There are very few cases where it tells you that you can cast a spell from an item by using a Magic action (Cape of the Monteback, Axe of the Dwarven Lords) which would be redundant if you have to use the Magic action anyway. Why did they state a few items that cast spells do it with the Magic action, and then not specify it for the vast majority of items that cast spells?

I'd say because they modify the spell. The cape leaves behind a cloud of smoke, the axe conjures an Earth Elemental (so it's not the spell Conjure Elemental). So they are not exaclty the spells listed in the PHB, they just use their definition to encapsulate the effects produced.
Or it might be an oversight, of course, for these very rare instances.

In my view, casting a spell of one action = using a magic action, as per the general rule. Otherwise, which action would you take when you use a scroll for a 1-action spell, for instance? Utilize? But it is not said anywhere. My guess: it is not said because it's the Magic action.

And the restriction on Action surge is exaclty there to prevent a double-use of these items in the same turn, maybe as a form of niche protection for thieves (who can, and it's too strong).
 

There are very few cases where it tells you that you can cast a spell from an item by using a Magic action (Cape of the Monteback, Axe of the Dwarven Lords) which would be redundant if you have to use the Magic action anyway. Why did they state a few items that cast spells do it with the Magic action, and then not specify it for the vast majority of items that cast spells?
I have no idea, but since the Magic action is required to cast spells of the duration ‘action’ the two are basically synonymous anyway

Guess @BenjaminPey has the right answer, these are not the actual spells but item specific features, just like all the others that use that term, it’s just that their feature confusingly has the same name as a spell
 

I have no idea, but since the Magic action is required to cast spells of the duration ‘action’ the two are basically synonymous anyway

It is not though. There are numerous exceptions to that - Quicken Spell, War Magic, Mantle of Majesty, Battle Magic, War Caster, Contingency ....

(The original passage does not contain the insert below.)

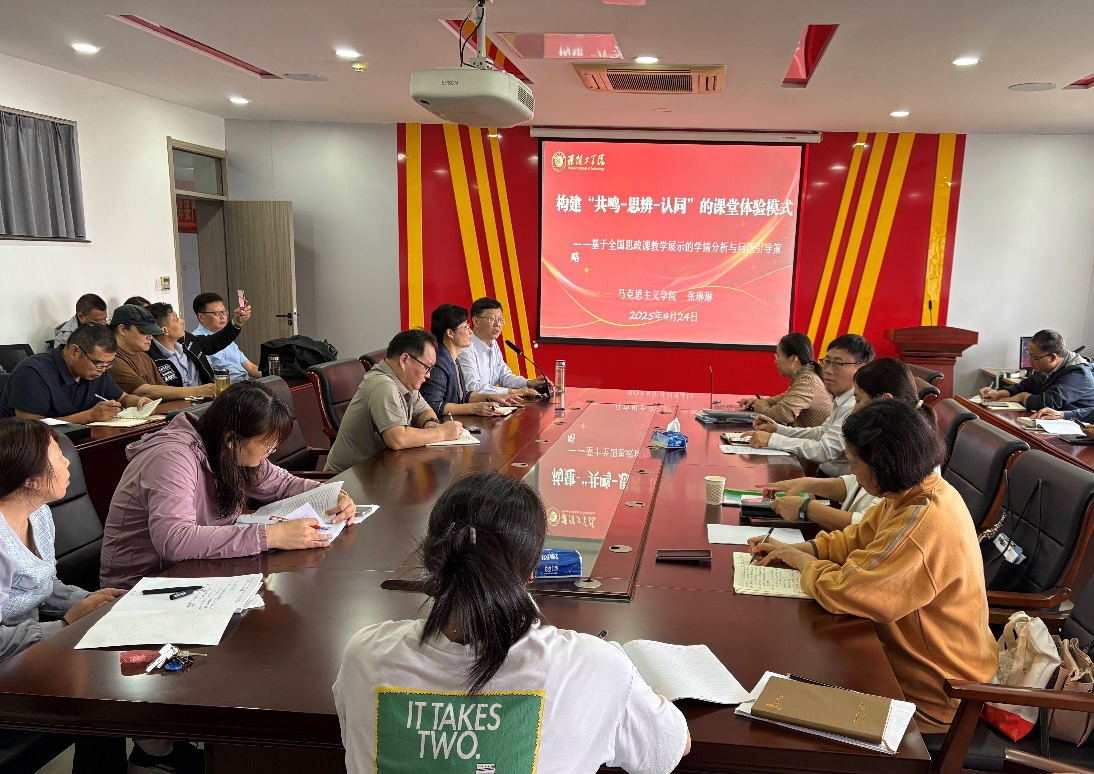 2025年9月24日上午,马克思主义学院在YF0910会议室召开专题教学研讨会,主题为《构建“共鸣-思辨-认同”的课堂体验模式——基于全国思政课教学展示的学情分析与教学实践》。会议由院长施坚主持,副院长张琳琳主讲,全院教师参与。

IMO Ready a Spell is another one of those exceptions.

Guess @BenjaminPey has the right answer, these are not the actual spells but item specific features, just like all the others that use that term, it’s just that their feature confusingly has the same name as a spell

It says it for the Demonocon of Iggwilv too and that does not change the spell at all.

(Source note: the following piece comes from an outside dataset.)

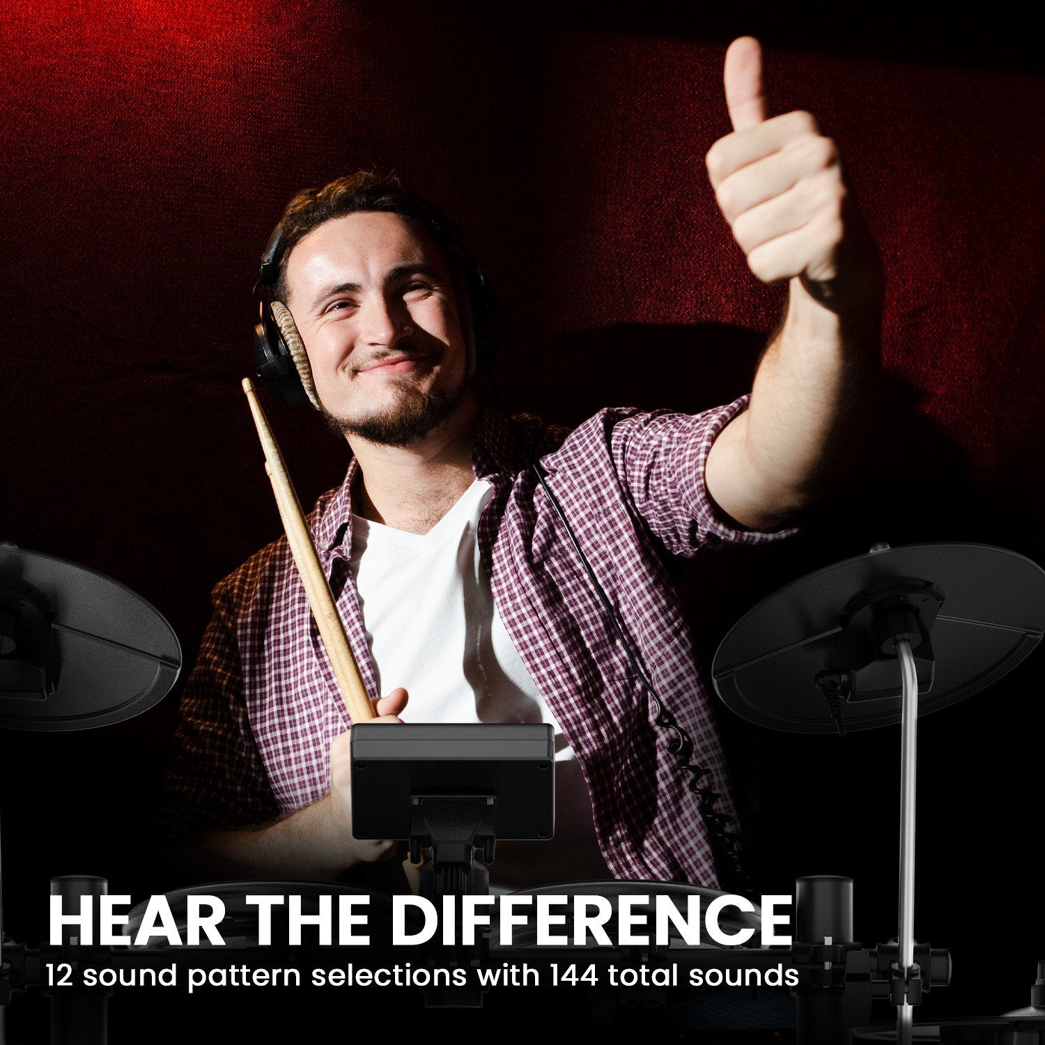- Bonus drumsticks, headphones and stool

I think it is because of the action, not the casting. You are using an item in a unique fasion to cause the magic item to cast the spell as opposed to just casting the spell and the designers want you to need to do a magic action for those items and not for the other ones that don't say it.

If it always requires a Magic Action anyway it is still redundant.
 


I think the real travesty happened when D&D introduced the concept of different action types (3rd edition, I think?).

Horrible idea, IMO. Back when it was just rounds, even ignoring segments, which I never used, gameplay was MUCH quicker and easier for everyone at the table to digest.

Not every change is a progressive evolution. Some are simply bad/unnecessary ideas.
I admit that I'm somewhat sad that it took 23 pages for someone to comment that older editions did it better. What have we become.

While I don't have a horse in this race, I hope I never play at the same table with someone that says "I can't cast it as an action? HOW ABOUT AS A REACTION?". It's my equivalent of "I can't do this while flying? HA! WHAT IF I JUMP OFF THE BUILDING INSTEAD THEN I'M FALLING NOT FLYING HAHA ITS DIFFERENT SO THE RULES ALLOW IT AND I'TS NOT A LOT OF DAMAGE TO ME ANYWAY HAHA WHY ARE YOU PACKING YOUR BAGS AND OPENING THE DOOR DON'T GO."
 

It is not though. There are numerous exceptions to that - Quicken Spell, War Magic, Mantle of Majesty, Battle Magic, War Caster, Contingency
from the PHB “Most spells require the Magic action to cast, but some spells require a Bonus Action, a Reaction, or 1 minute or more. A spell’s Casting Time entry specifies which of those is required.”